Ebert’s view that the win-or-lose aspects of games are not art does have validity. For example, while a chess board and its pieces may individually be called artworks, calling the rules of the game itself and the manner in which it is played art is quite a stretch. This same argument is basically what Ebert argues against games, that whilst the animations and character designs are artwork, the aspects of it that make it a game are not and hence games are not art. The core of this argument is that art is meant to make some kind of commentary on what it means to be human, whereas these games concepts and rules are only truly internally relevant and make no statement on what it means to be a human being.

Why Ebert is Wrong About Games Not Being Art

There are two scenarios that Roger Ebert does not consider in regards to video games being art.

The first one of these is a scenario in which a game can offer the person playing it a choice that says something about humanity and that person specifically. For instance, depending on how a player acts in Silent Hill 2 the protagonist will receive a different outcome based on the emotional reasons for those choices. For example, if the player is reckless with the main characters health and well-being by charging into any battle they see, the ending will more likely be a negative ending due to the protagonist having no respect for his own health and well-being.

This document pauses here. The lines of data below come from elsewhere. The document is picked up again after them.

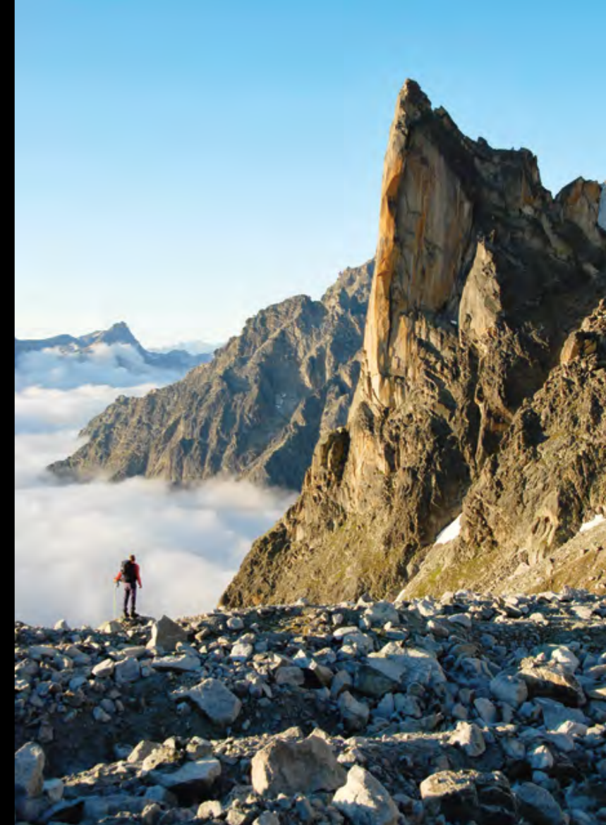
glacier d'Orny face nord du Petit-Clocher-du-Portalet, Valais - Face au défi... f/6.3 1/160 31 mm 100 ISO
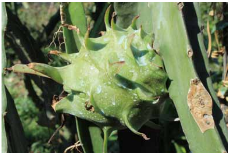
圖二、波爾多液提供一層「保護膜」，因為此藍色表層不容易擦拭，不建議直接噴灑於花或果實表面(圖為紅龍果幼果)。
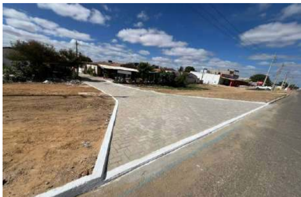
BA210 - MANUTENÇÃO PAV INTERTRAVADO
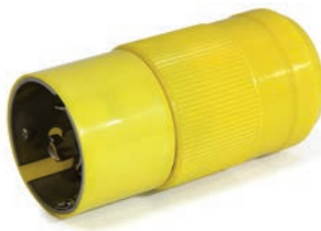
Réf: BG365 3P+T 50A 125/250V
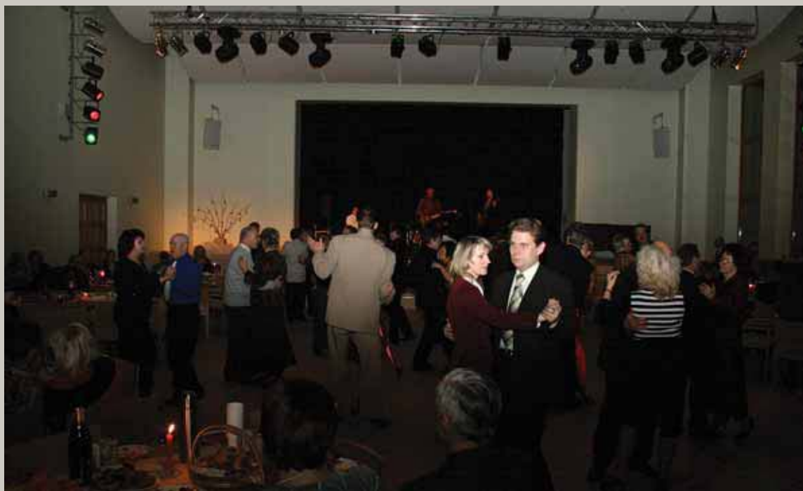
Dziedātāju sievu ņēmu, / Dancotāju kumeliņu; Dziedāj' mana ligaviņa, / Dancoj' manis kumeliņš. (Valentīna dienas balle)
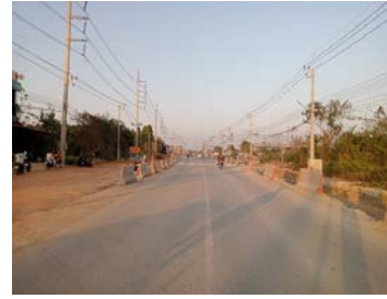
รูปเดือนมกราคม ๒๕๖๙
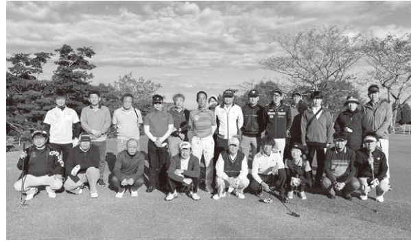
さあ、今から競技開始!
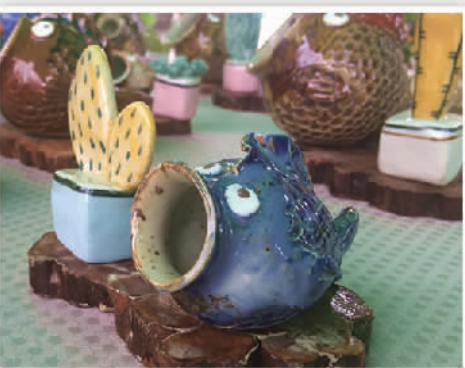
在大芬油画村分会场创意市集上,各种精巧的文创产品备受关注。

This is due to the monsters being apparitions rendered by the main characters mind and as such attacking them is akin to the protagonist attacking himself. As such, depending on how a person actually plays the game the game changes to deliver a certain message to them and the artistic message comes to depend on the player’s actions during the game.

The second scenario that Roger Ebert does not consider quite correctly is that no matter how certain and set in concrete a filmmakers view on the message his film is meant to be delivering, ultimately it is open to interpretation and as such the audience participates in the meaning of a movie, or for that matter any piece of artwork. As such, to say that movies have a clear authorial meaning as opposed to games is flawed because that meaning is not necessarily delivered to audiences in tact. The audience can make the exact opposite interpretation or make interpretations in cases where none were intended by the author.

Conclusion Regarding Roger Ebert’s Views of Video Games

In practice, Roger Ebert is correct in his statement that games are not art as the majority of them really are not attempting to say anything about what it means to exist and be human. Despite this, though, the odd example exists of games having artistic merit due to their nature as games due to the choices being presented to the player saying something about what it means to be human or to exist in this universe. Furthermore, even if the author does not intend for something to have a profound meaning, never the less it seems that audiences interpret extra things into games, books and movies creating them as art through their experiences of them.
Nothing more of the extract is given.